PROBLEM: Repeat exactly what runs from the line with "Necklace sterling silver" through the last line of the material, and keep the pictures out of it.

DATA SHOWN:
+===+
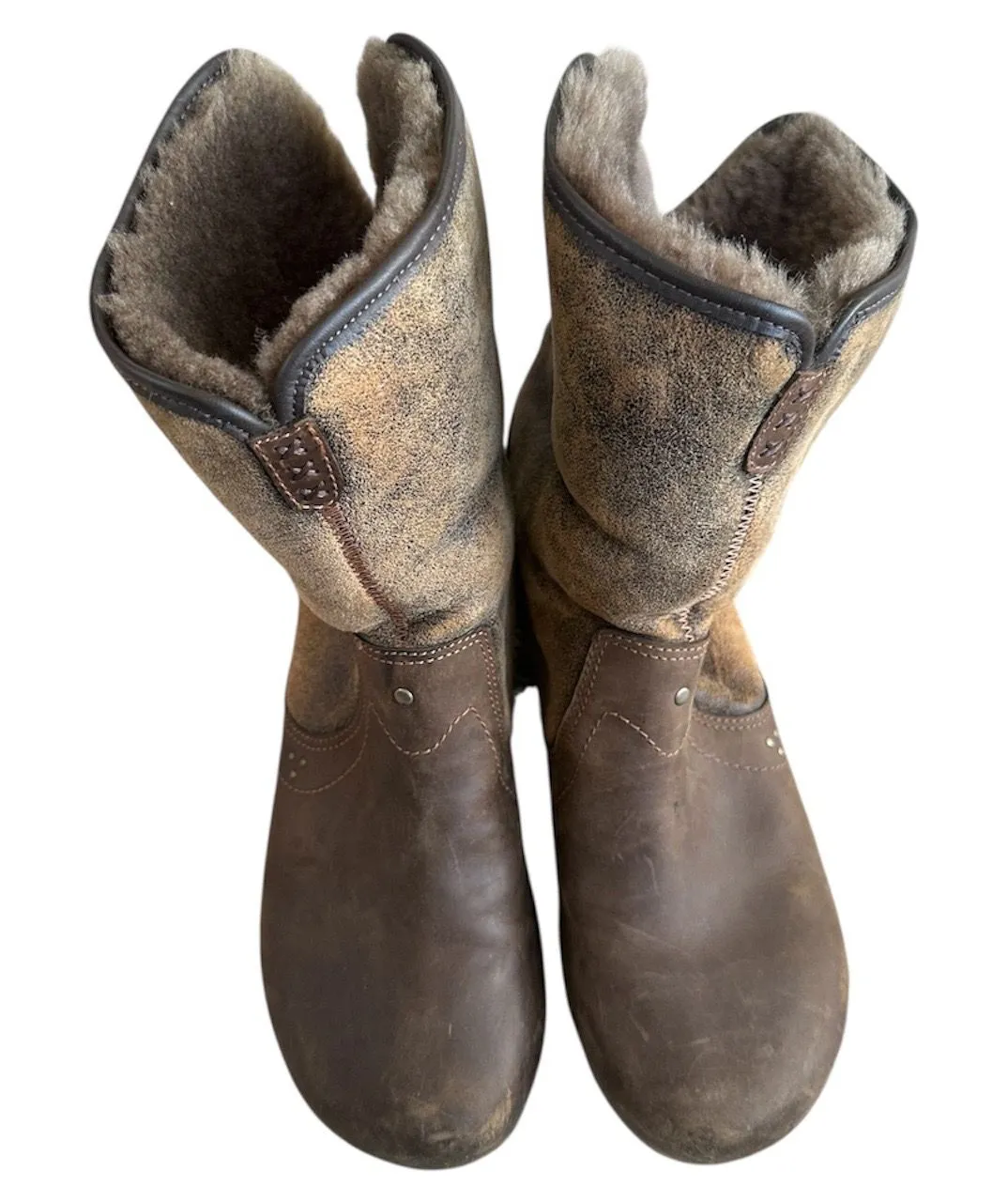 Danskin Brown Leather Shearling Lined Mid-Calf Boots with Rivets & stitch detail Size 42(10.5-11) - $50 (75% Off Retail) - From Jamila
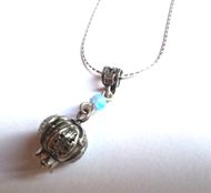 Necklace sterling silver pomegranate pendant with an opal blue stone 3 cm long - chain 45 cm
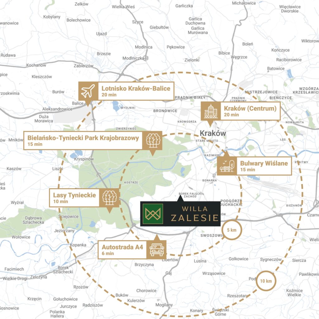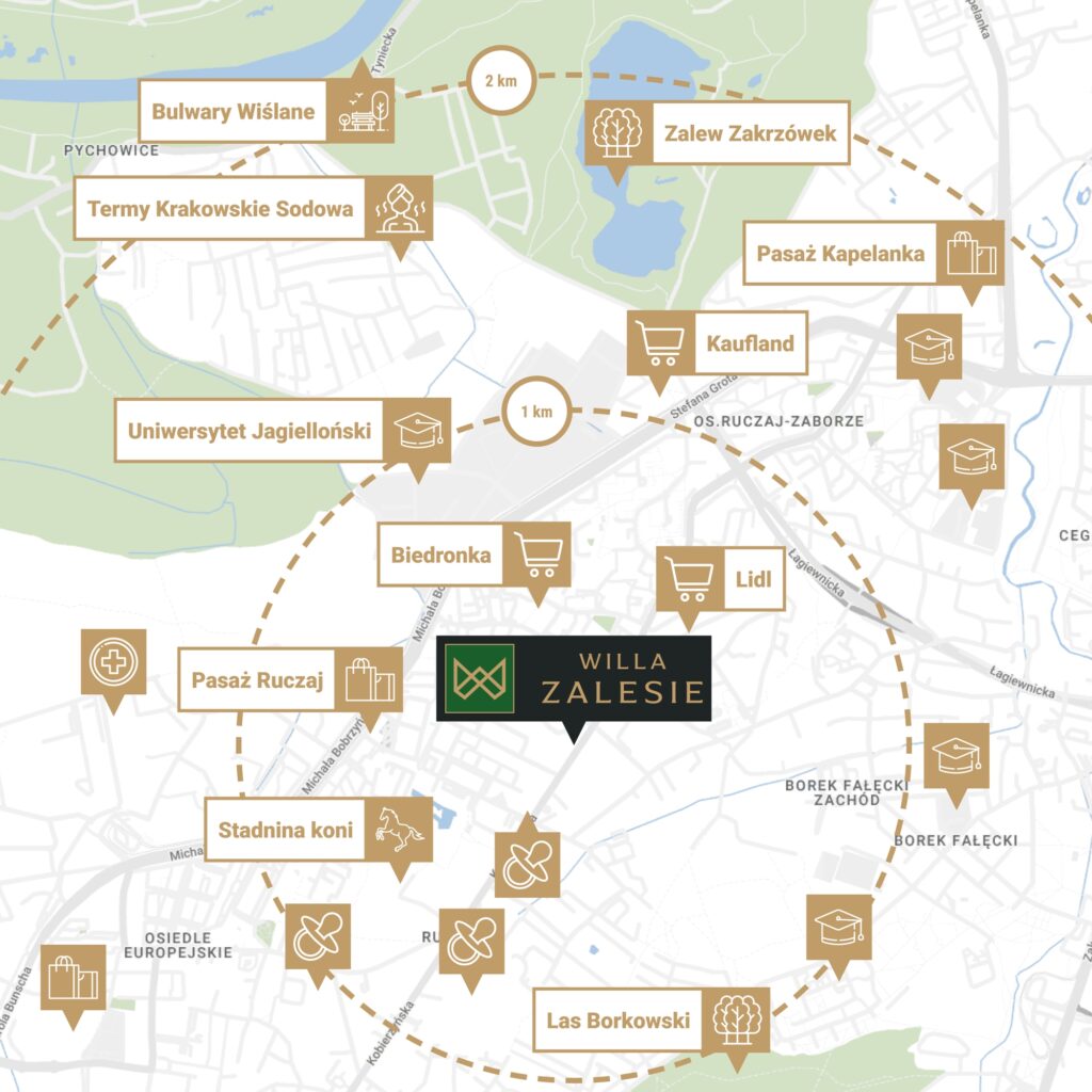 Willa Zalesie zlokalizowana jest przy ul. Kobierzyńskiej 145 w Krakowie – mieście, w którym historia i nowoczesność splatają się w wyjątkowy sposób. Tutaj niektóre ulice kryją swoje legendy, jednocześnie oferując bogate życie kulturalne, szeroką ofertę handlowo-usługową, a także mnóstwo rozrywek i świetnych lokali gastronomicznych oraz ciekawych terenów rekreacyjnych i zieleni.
+===+
WRITTEN SOLUTION:
 Necklace sterling silver pomegranate pendant with an opal blue stone 3 cm long - chain 45 cm
 Willa Zalesie zlokalizowana jest przy ul. Kobierzyńskiej 145 w Krakowie – mieście, w którym historia i nowoczesność splatają się w wyjątkowy sposób. Tutaj niektóre ulice kryją swoje legendy, jednocześnie oferując bogate życie kulturalne, szeroką ofertę handlowo-usługową, a także mnóstwo rozrywek i świetnych lokali gastronomicznych oraz ciekawych terenów rekreacyjnych i zieleni.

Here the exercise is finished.